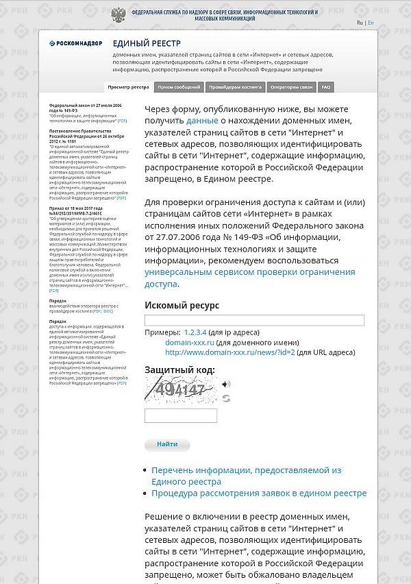 Доступ к реестру организован с помощью сайта eais.rkn.gov.ru, который, однако, не предоставляет обычным пользователям возможности посмотреть весь реестр или его часть, он обеспечивает только:
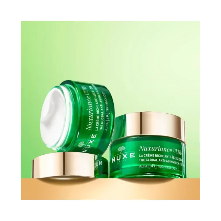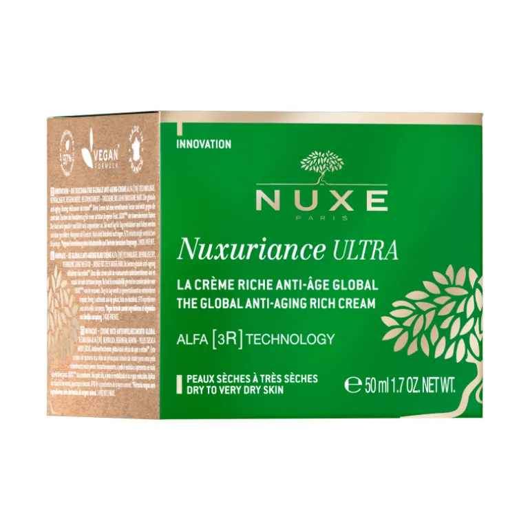 Nuxe Nuxuriance ULTRA Crema Rica Antiedad Global. El antiedad más eficaz que el retinol. Esta crema rica antiedad global corrige de forma visible los principales signos de la edad. La TECNOLOGÍA ALFA [3R]* permite [R]evitalizar, [R]egenerar y [R]enovar la piel. Al instante, la piel está nutrida y más cómoda Eficacia antiedad global combinada con una sensorialidad única gracias a su fragancia femenina, moderna y elegante. Su textura rica y untuosa es ideal para las pieles secas a muy secas. Prueba in vitro *Tecnología Alfa [3R] = extracto de Alfalfa + Ácido Hialurónico + extracto de Hemerocallis Fulva.
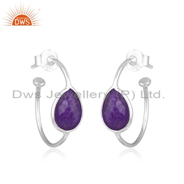 Amethyst Aventurine Gemstone Fine Sterling Silver Girls Hoop Earrings
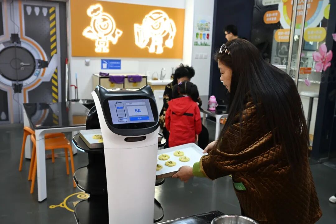 走进机器人餐厅,健康烘焙课上,一台机器人将烘焙食材送到现场体验课程的老人面前,老人们跟着老师学习制作饼干,从揉面、塑形到烘烤,每一个步骤都充满乐趣,当香甜的饼干出炉时,大家分享着自己的劳动成果,脸上满是幸福的笑容。“我是第一次做这种小糕点,还可以跟机器人互动,挺新颖的。”孙女士说。
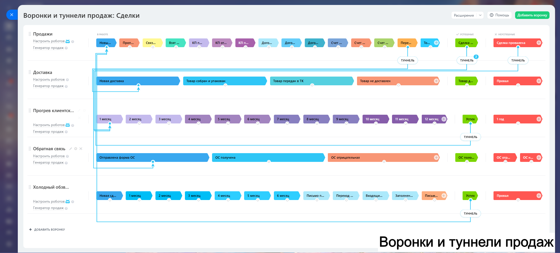Наше готовое решение — это полный цикл автоматизации продаж для розничного бизнеса. Система объединяет 5 ключевых воронок, охватывающих все этапы работы с клиентом: от первой заявки до доставки и повторных продаж.
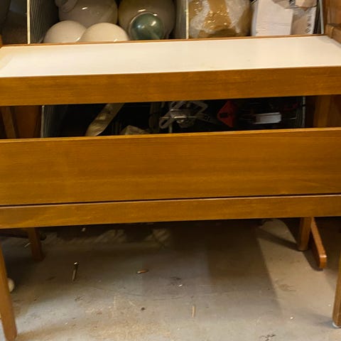 Skandinavisk design. Den ideelle hylle for tørking av laktosefrie knekkebrød og tørkede blomster. Kjøle- element kan ettermonteres . Kostnader må påregnes. Hel og pen . Må hentes.
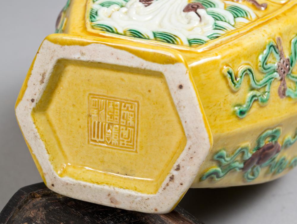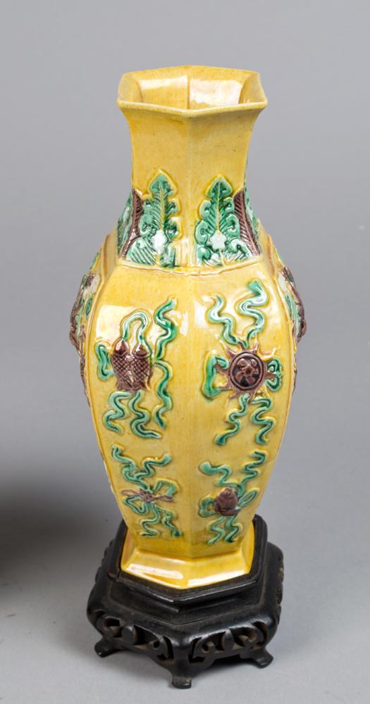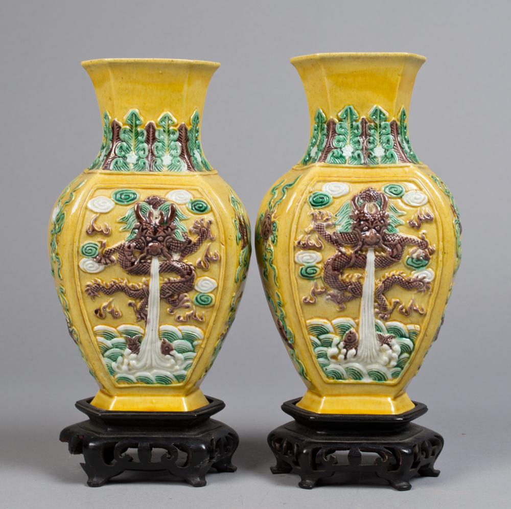 finely molded to depict dragons and ruyi clouds glazed in abergine green and white against a yellow ground each vase with impressed seal mark for Great Qing Qianlong Production, both with carved and fitted hardwood stands, 8"H not including the stands, circa 19th century.
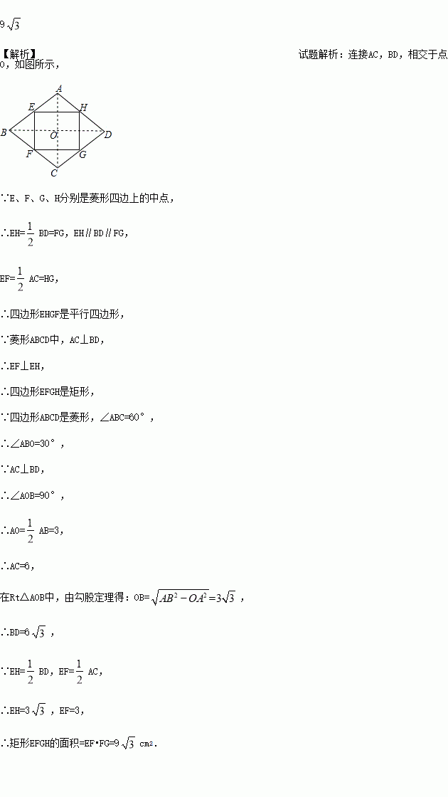 如图,已知E、F、G、H分别为菱形ABCD四边的中点,AB=6cm,∠ABC=60°,则四边形EFGH的面积为 ___________ cm
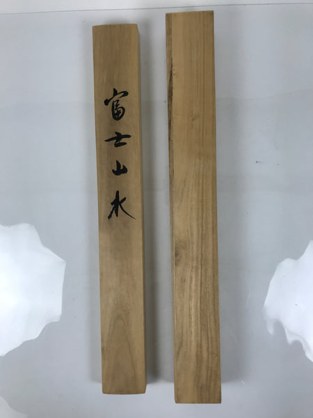 Hand-crafted and in a natural wood color, this sturdy, slender box is made to store a hanging scroll, or kakejiku. The lid fits flush on the top. It has two wooden brackets inside the box to secure the scroll. This specific box has inscriptions on the top and on the inside of the lid.
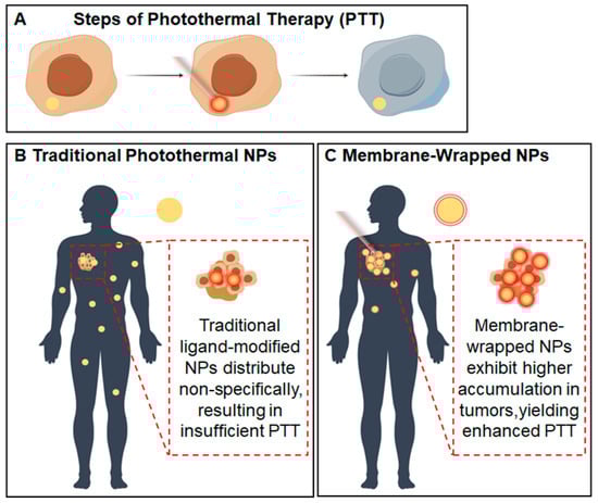 (A): Steps of photothermal therapy. (B,C): The gap between traditional photothermal NPs and membrane-wrapped NPs, adapted with permission form Ref. [97].

##########

What you return should be only the exact lines from the top of the entries through the line with "Skandinavisk design. Den", minus the pictures.

Expected output:
 Доступ к реестру организован с помощью сайта eais.rkn.gov.ru, который, однако, не предоставляет обычным пользователям возможности посмотреть весь реестр или его часть, он обеспечивает только:
 Nuxe Nuxuriance ULTRA Crema Rica Antiedad Global. El antiedad más eficaz que el retinol. Esta crema rica antiedad global corrige de forma visible los principales signos de la edad. La TECNOLOGÍA ALFA [3R]* permite [R]evitalizar, [R]egenerar y [R]enovar la piel. Al instante, la piel está nutrida y más cómoda Eficacia antiedad global combinada con una sensorialidad única gracias a su fragancia femenina, moderna y elegante. Su textura rica y untuosa es ideal para las pieles secas a muy secas. Prueba in vitro *Tecnología Alfa [3R] = extracto de Alfalfa + Ácido Hialurónico + extracto de Hemerocallis Fulva.
 Amethyst Aventurine Gemstone Fine Sterling Silver Girls Hoop Earrings
 走进机器人餐厅,健康烘焙课上,一台机器人将烘焙食材送到现场体验课程的老人面前,老人们跟着老师学习制作饼干,从揉面、塑形到烘烤,每一个步骤都充满乐趣,当香甜的饼干出炉时,大家分享着自己的劳动成果,脸上满是幸福的笑容。“我是第一次做这种小糕点,还可以跟机器人互动,挺新颖的。”孙女士说。
Наше готовое решение — это полный цикл автоматизации продаж для розничного бизнеса. Система объединяет 5 ключевых воронок, охватывающих все этапы работы с клиентом: от первой заявки до доставки и повторных продаж.
 Skandinavisk design. Den ideelle hylle for tørking av laktosefrie knekkebrød og tørkede blomster. Kjøle- element kan ettermonteres . Kostnader må påregnes. Hel og pen . Må hentes.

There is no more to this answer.